Lots of apps have helpfully started turning two dashes (—-) into some sort of Unicode long dash that is more aesthetically pleasing, while also breaking command line tools.
What you’re seeing is the result of software being more typographically conscious and replacing the incorrect characters we got used to typing in our keyboards with the correct ones. Same reason why " is replaced with “ and ”.
But you’re right that is annoying in a programming environment.
Heh, I kinda don't like these typing replacements (also, "smart" quotes).
If I type `--` it's because I want `--` (or even `-------` but some software† insists on changing that to a sequence of en-dash), especially I can type them easily on macOS:
- minus key: minus char -
- Option+minus: en dash –
- Option+Shift+minus: em dash —
Similarly, opening and closing single and double quotes are on bracket keys.
† yes there are OS-level settings for that (at least on macOS) but other software do it in addition to the SO, and you can't disable it plus it plays badly with undo.
Indeed “smart” quotes are a nuisance and it’s a small tragedy that curved quotes go typically unused. I gave myself a dedicated `“` key to make it the default in everyday use.
That's one of the reasons I abandoned Google Docs for keeping notes on administering my home computer lab. I use Linux so much of what I did involved typing commands in a terminal window. I would copy the text into document and later copy back to a terminal.
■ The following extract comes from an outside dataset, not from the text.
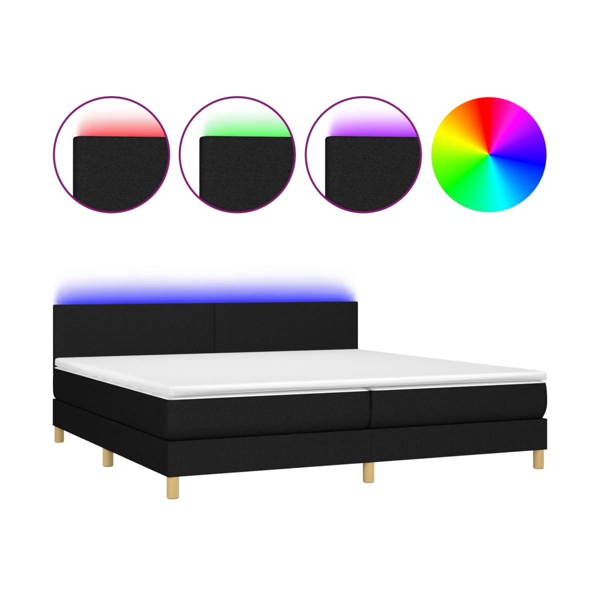 Utiliza esta cama box spring con colchón y LED para disfrutar de un sueño reparador. Es el centro de atención de tu dormitorio. Material de primera calidad: La tela posee un aspecto sencillo y limpio, y es transpirable y duradera.Cabecero práctico: El cabecero de la cama es ajustable en altura según tus preferencias. El cabecero de la cama te proporciona un excelente apoyo para la espalda mientras estás sentado en la cama para leer o ver la televisión.Tira de LED de colores: Alegra la oscuridad con luces LED de colores.Colchón de muelles ensacados: El muelle ensacado individual incorporado es conocido por su altísima calidad, al tiempo que garantiza un alto nivel de durabilidad y adaptabilidad. Puede absorber eficazmente el ruido y los golpes causados por los lanzamientos y los giros.Protector de colchón respetuoso con la piel: El protector de colchón tiene una funda de tejido resistente y respetuoso con la piel, que lo hace suave y confortable. Nota:Por razones de higiene, el colchón no puede devolverse si se ha quitado o abierto el embalaje.Cada producto viene con un manual de montaje en la caja para facilitar el montaje.Únicamente puedes cortar por la parte con el símbolo de las tijeras y únicamente la parte con el USB seguirá funcionando como antes.El producto tiene un conector USB, pero no se incluye la fuente de alimentación USB de 5 V certificada.

It often didn't work due to the way Google transmogrified the text in ways not obvious to the eye.
I now use Markdown (and store notes on a private server) so commands can readily be replayed.
I’m sad and annoyed that Google Docs somehow manages to disable the Mac text substitutions feature (which has custom entries I want to use for frequent, difficult to type things at work) when you’re typing into a document.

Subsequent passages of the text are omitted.